Walck v. Lower Towamensing Twp. Zoning Hrg. Bd., --- A.2d ---, 2008 WL 161011 (Pa. Commw. 2008).
In Walck v. Lower Towamensing Twp. Zoning Hrg. Bd., the Pennsylvania Commonwealth Court determined whether the Nutrient Management Act (NMA) and its attendant regulations preempt enforcement of a local zoning ordinance regarding the long-term stockpiling of a large quantity of sewage sludge on a farming operation. Under the township’s ordinance, agriculture was a permitted use in the R-1 district but intensive agricultural activities, including the storage and processing of liquid and solid waste, was prohibited.

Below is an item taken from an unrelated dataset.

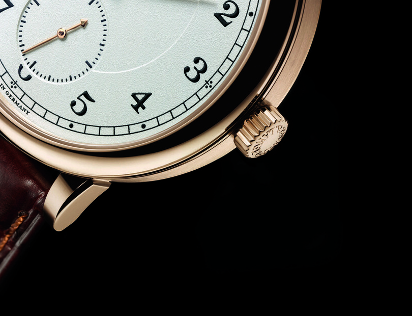 「1815“F.A.ランゲ生誕200周年エディション”」は、世界限定200本のレアウォッチ。直径40ミリ、ハニーカラーゴールド製ケースには、限定モデルであることを証明する「001/200」から「200/200」までの数字が刻まれている。

In response to complaints about a landowner (the Landowner) who had stockpiled more than 100 tons of sewage sludge on its property, the township zoning officer issued an enforcement notice. The Landowner appealed the enforcement notice to the zoning hearing board (the Board) contending that the local zoning ordinance was preempted because the application of nutrients to soil is regulated by the NMA. The Board and the trial court rejected the challenge and the Landowner appealed to the Commonwealth Court. The court specifically rejected that the NMA exempts large quantities of sludge and waste from all other regulation. The court found that under the NMA, the State Conservation Commission (the SCC) is vested with the authority to review and approve nutrient management plans and that any local regulation must be consistent with the NMA. However, the court found that there was no evidence that the Landowner had an approved nutrient management plan. The court recommended that the Landowner either get an SCC approved nutrient management plan or, preferably, only receive shipments of sludge in amounts that can be readily applied.